» Material provided:
____

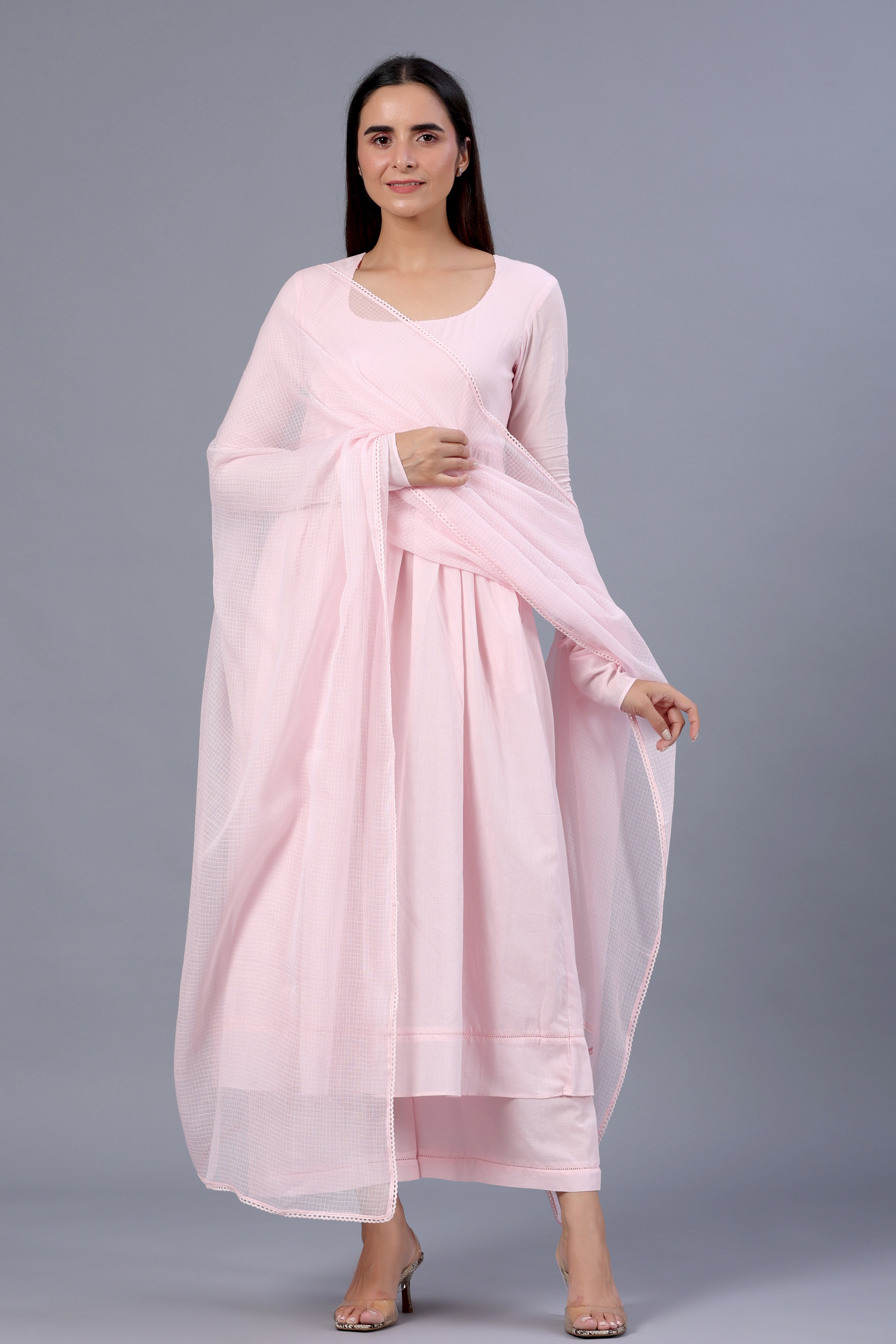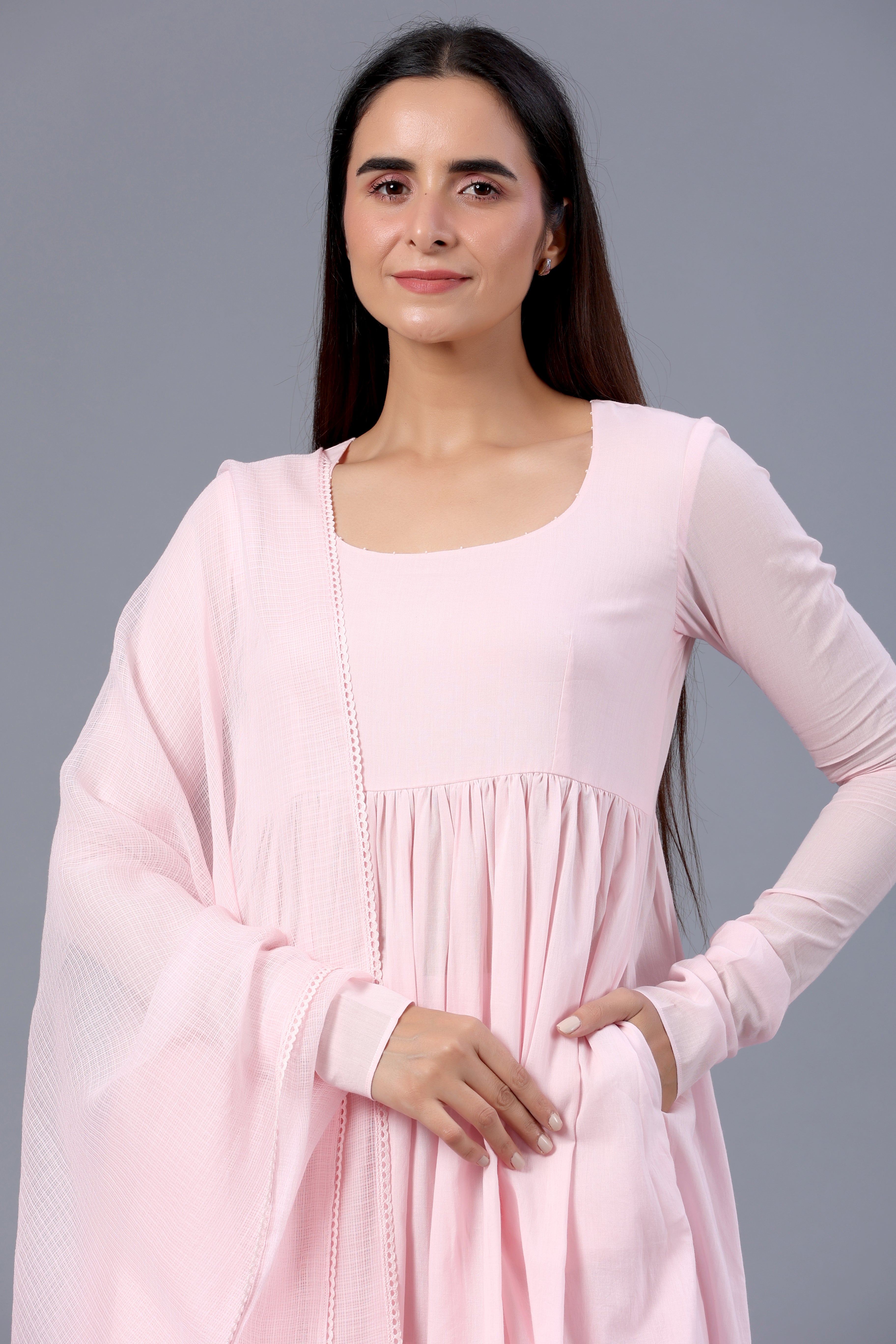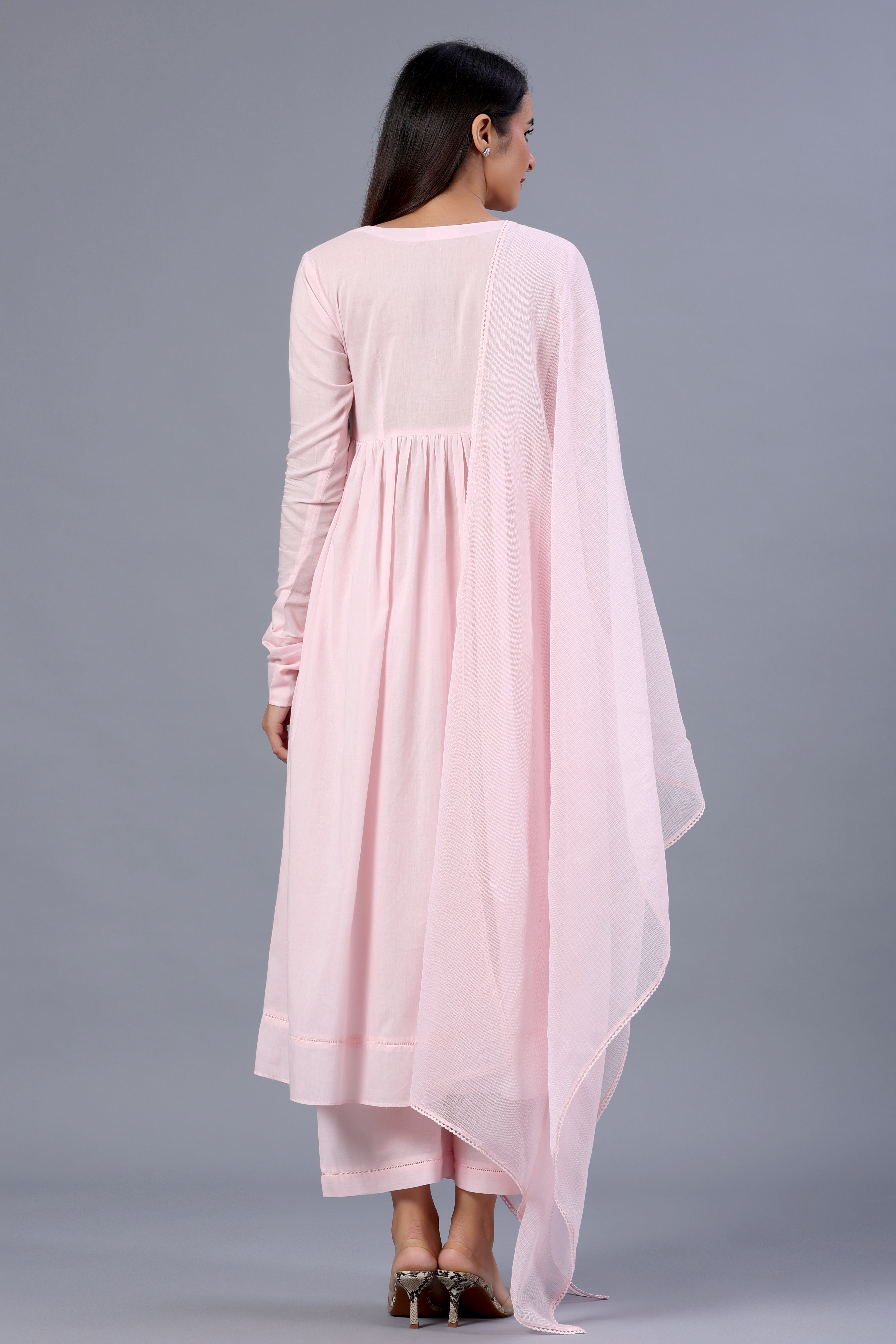 Baby Pink Full Sleeves Suit Set with Doria Dupatta
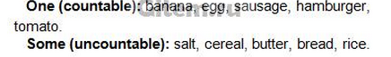 один (исчисляемые) банан, яйцо, сосиска, гамбургер, помидор(томат)
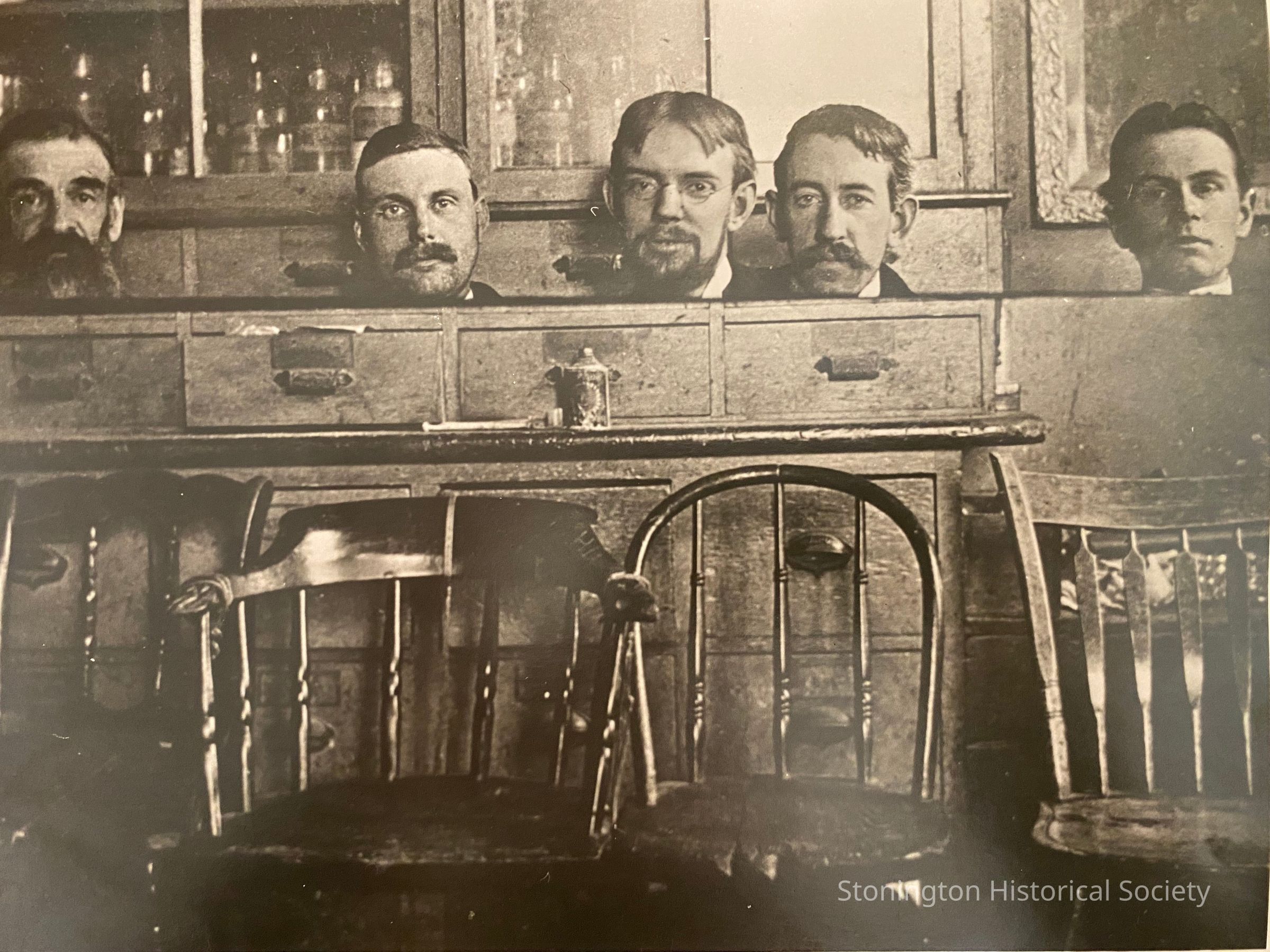 A black and white photograph, undated, from the Tubbs collection. This image shows Dr. Weeks, the town dentist, second from left, and to his right Harry Doty. The image has been manipulated to make it appear as if the men's heads are resting on the counter.Collection
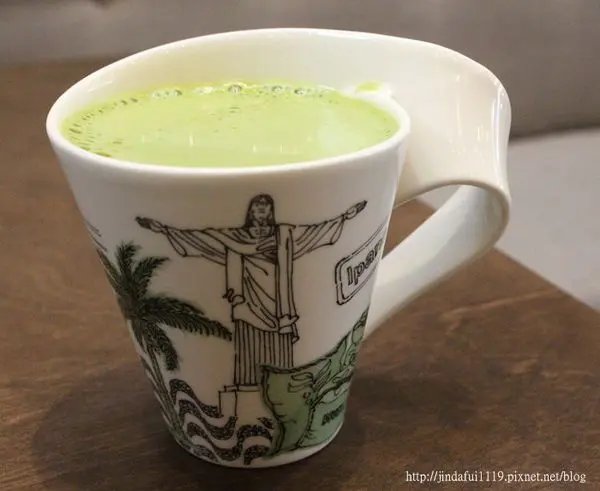 抹茶歐雷一登場先被杯子的樣貌給登愣了一下,造型很特別,且圖案研判是巴西熱內盧的基督像,這種帶有旅行元素的物品總會讓我默默加分XD友人表示喝起來很順口好喝

____

» Work task: Write out the whole listing exactly as it appears, and omit the pictures.

» Solution for this task:
 Baby Pink Full Sleeves Suit Set with Doria Dupatta
 один (исчисляемые) банан, яйцо, сосиска, гамбургер, помидор(томат)
 A black and white photograph, undated, from the Tubbs collection. This image shows Dr. Weeks, the town dentist, second from left, and to his right Harry Doty. The image has been manipulated to make it appear as if the men's heads are resting on the counter.Collection
 抹茶歐雷一登場先被杯子的樣貌給登愣了一下,造型很特別,且圖案研判是巴西熱內盧的基督像,這種帶有旅行元素的物品總會讓我默默加分XD友人表示喝起來很順口好喝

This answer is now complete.